CHICAGO (CBS) -- Some people in Chicago are now demanding answers after CBS 2 Investigator Pam Zekman first reported on dozens of unsolved murders dating back 20 years. Many of those investigations have been delayed by backlogs in analyzing DNA.

A group prayed and read off the names of the 50 victims at a community meeting Wednesday night.

CBS 2 disclosed that those women were strangled, their bodies dumped in abandoned buildings, alleys and even garbage containers. Some were even set on fire.

"I saw the piece that you did and it was shocking," said Beverly Reed Scott, who organized the meeting.

Among the attendees was State Sen. Patricia Van Pelt, who had previously asked police about a possible serial killer.

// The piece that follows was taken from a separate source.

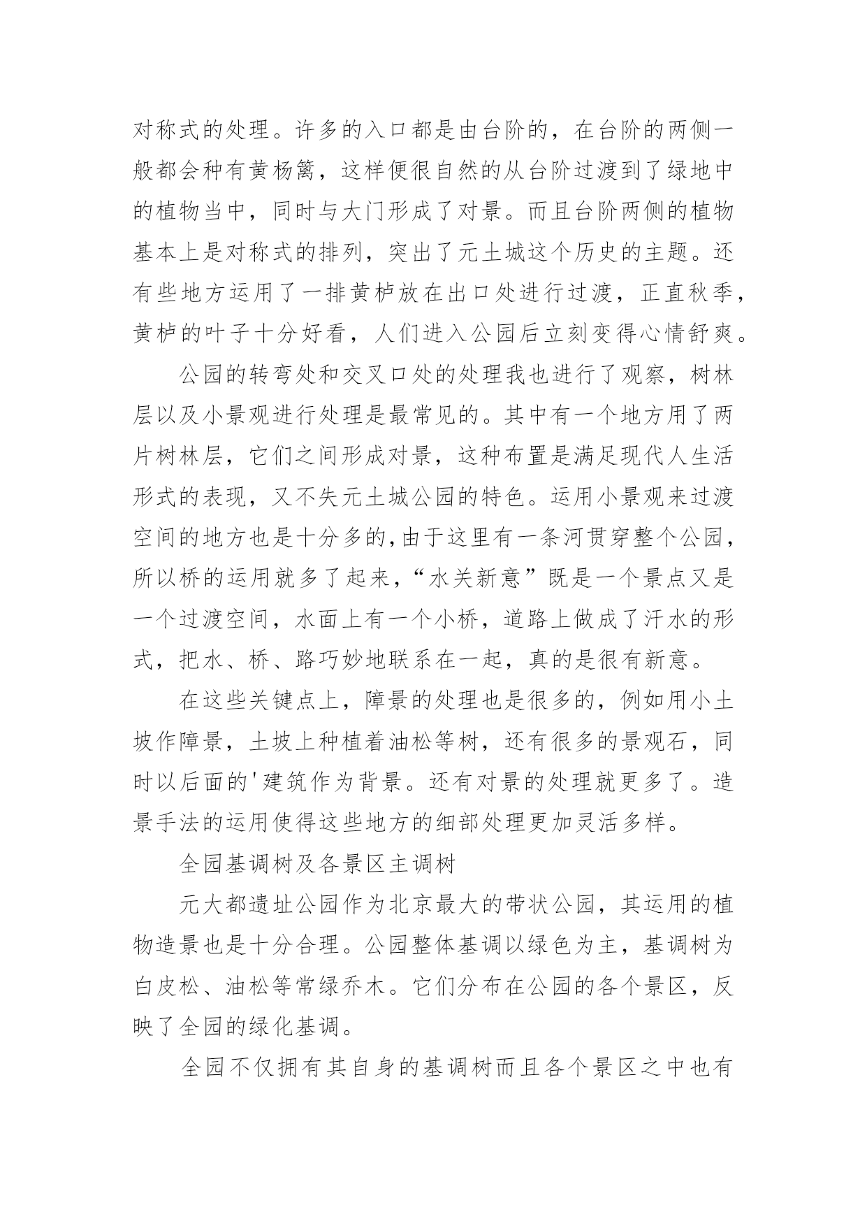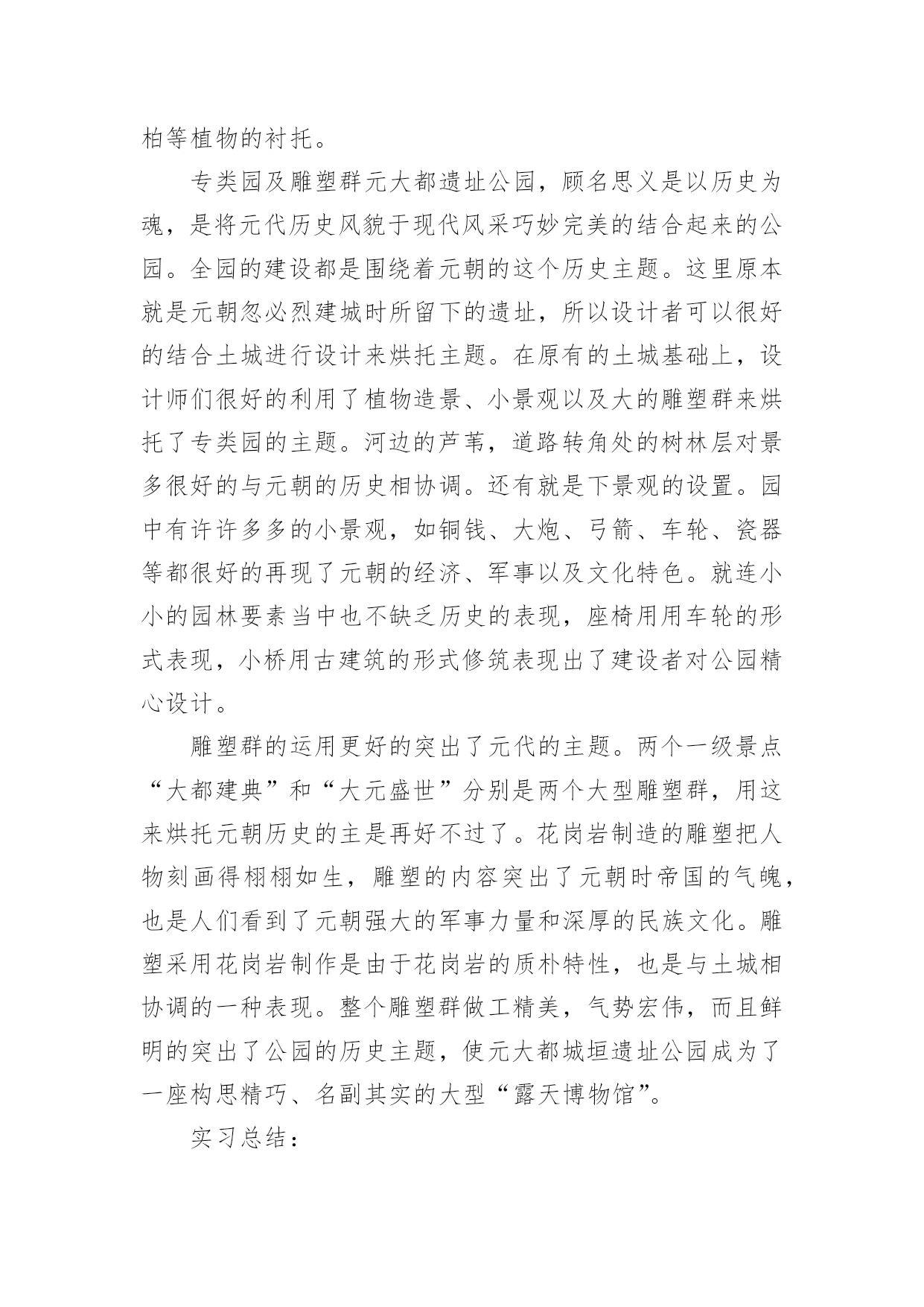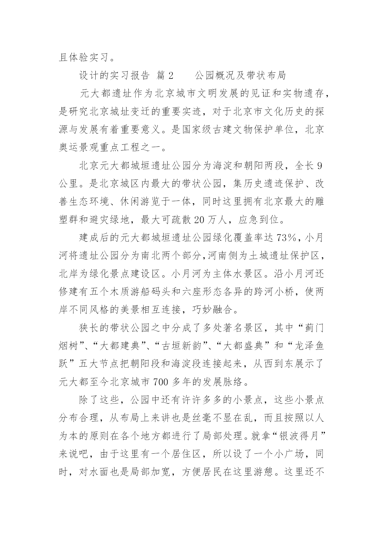 设计的实习报告优秀设计的实习报告在当下这个社会中,报告有着举足轻重的地位,我们在写报告的时候要注意涵盖报告的基本要素。你还在对写报告感到一筹莫展吗?下面是小编精心整理的设计的实习报告(优秀5篇),希望对大家有所帮助。设计的实习报告篇1题目名称:毕业实习报告院系名称:亚太国际学院班级:057班学号:200560014745学生姓名:周文超指导教师:胡洛燕20xx年8月1实习基本情况1.1实习要求实习在于培养实践动手能力,使所学的专业理论知识与实践相结合,为更好的适应社会的需求打下良好的基础。通过到服装企业生产一线实践的方式,对服装生产从设计、裁剪、工艺制作到检验、整理、包装的整个过程中所需的专业技能与生产管理能力得到系统的、强化的、实战的训练。1.2实习时间20xx年7月25日至20xx年8月15日1.3实习地点天津市尼彼欧制衣有限公司、瑞贝卡服装工作室1.4实习公司简介天津尼彼欧制衣有限公司成立于20xx年,由原天津服装四厂、服装五厂等老厂为基础组建而成,有着50多年的服装制造经验。是拥有上千人的大型国有企业。是天津市有关部门批准组建的以国有股为主体,吸纳社会法人和自然人入股的股份有限公司,,注册资本金6000万元,拥有60000多平方米的厂房,5000多人的劳动工人,拥有ERP系统管理和先进的生产设备。公司连续多年被评为全国出口最大500家企业和天津市出口50强企业之一,拥有时装、女装、休闲、裤业、运动等五个联系在一起的分公司。主要经营服装出口加工生意,主要从事各类服装、服饰制品、纺织制成品的生产、销售和进出口业务。经营品种包括各种优质棉布、棉涤纶、毛呢、化纤、混纺织物、丝绸、裘皮等面料制成的70余个品种的服装以及床上用品、旅游用品及杂品等。市场遍及美国、加拿大、澳大利亚、日本、韩国、南美洲等国家。2实习内容2.1面料调查1、调查各大原料厂的相关背景,供应物料的质量和价格状况。进行对比,选择合理的.原料供应商。在实习的过程中,首要的就是要找到合适的面料、辅料,并且具备一些简单判断面料好坏的方法。天津市尼彼欧制衣有限公司昰天津工业大学的实习基地,这次也是借由这个机会,和天津工业大的同学一起,才能进入公司进行参观,并且体验实习。设计的实习报告篇2公园概况及带状布局元大都遗址作为北京城市文明发展的见证和实物遗存,是研究北京城址变迁的重要实迹,对于北京市文化历史的探源与发展有着重要意义。是国家级古建文物保护单位,北京奥运景观重点工程之一。北京元大都城垣遗址公园分为海淀和朝阳两段,全长9公里。是北京城区内最大的带状公园,集历史遗迹保护、改善生态环境、休闲游览于一体,同时这里拥有北京最大的雕塑群和避灾绿地,最大可疏散20万人,应急到位。建成后的元大都城垣遗址公园绿化覆盖率达73%,小月河将遗址公园分为南北两个部分,河南侧为土城遗址保护区,北岸为绿化景点建设区。小月河为主体水景区。沿小月河还修建有五个木质游船码头和六座形态各异的跨河小桥,使两岸不同风格的美景相互连接,巧妙融合。狭长的带状公园之中分成了多处著名景区,其中“蓟门烟树”、“大都建典”、“古垣新韵”、“大都盛典”和“龙泽鱼跃”五大节点把朝阳段和海淀段连接起来,从西到东展示了元大都至今北京城市700多年的发展脉络。除了这些,公园中还有许许多多的小景点,这些小景点分布合理,从布局上来讲也是丝毫不显在乱,而且按照以人为本的原则在各个地方都进行了局部处理。就拿“银波得月”来说吧,由于这里有一个居住区,所以设了一个小广场,同时,对水面也是局部加宽,方便居民在这里游憩。这里还不乏郊野风光,水面芦苇与土城相协调,也十分有野趣。细部处理园路的转弯处、交叉口处、以及出入口处都是公园组成的重要连接点。人们从这里进入一个公园,从一个空间向另一个空间进行过渡,所以这些地方的细部处理便成为了一个公园好坏的关键点。这些地方在处理上要依靠植物的配置以及小品要素来完成的,同时还要巧妙地运用园林造景的手法。元大都遗址公园在这些地方所作的细部处理都是十分到位,使人们从一个景区到另一个景区是不显突兀,使空间的转换十分自然,同时把各个景区连接成为了一个整体。由于元大都遗址公园是一个狭长的带状公园,全长有九公里,周围又有很多的居住小区,所以公园的入口十分的多,处理这些入口时的方法也就十分的多。在公园最西端的入口处,有一块大的景观石,石头上注明了公园的名称“元土城公园”。入口并不像许多公园一样,在门前做出一个尺度很大的小广场,这里只有一个很小的开敞空间,这可能与带状公园有关吧。公园门前所种植的高大树木是人们很自然的从喧闹的城市当中过渡到了安静的空间当中。大门里面有一片开敞空间,在这里有老年人活动。大门旁边的椅子设计得很巧妙,椅子的位置正好在阳光透过大树所能照射到的位置,突出了以人为本的特性。门口处还作了障景的处理,一大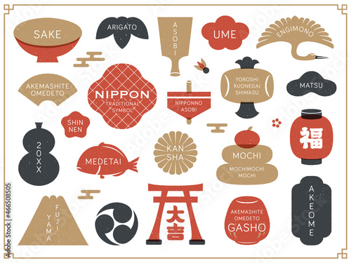 和モチーフのあしらいセット。水引や門松などのイラストやアイコンセット

"And they assured us that there was not any evidence of it," she said. "But with that piece that aired the other night on channel 2, it raises the question again that maybe there is."

As CBS 2 Investigators previously disclosed the head of the Murder Accountability Project believes there is a serial killer based on an algorithm he developed that points to clusters in the city's South Side and West Side where bodies were found with similar patterns in the way they were killed.

"It's essentially a serial killer detector, and for many years our algorithm has been signaling red alert about a series of strangulations in Chicago," said project director Thomas Hargrove.

The cases are unsolved in part because of delays in the state lab that analyzes DNA collected from crime scenes dating back to 2014.

"We have 3700 pieces of DNA evidence that haven't been analyzed and over 700 of them are from murders," Van Pelt said.

And now 3rd Ward Alderman Patricia Dowell said she'll call for city council hearings on the matter.

"I want to support this effort. I think this is just sad that these women have been treated this way," she said.

Dowell said she wants to question Chicago police officials about the unsolved cases.

Meanwhile a public hearing on the DNA evidence delays at the state lab is scheduled for March 15.

The police department has said "at this time" there is no "actionable evidence" of a serial killer involved in these cases.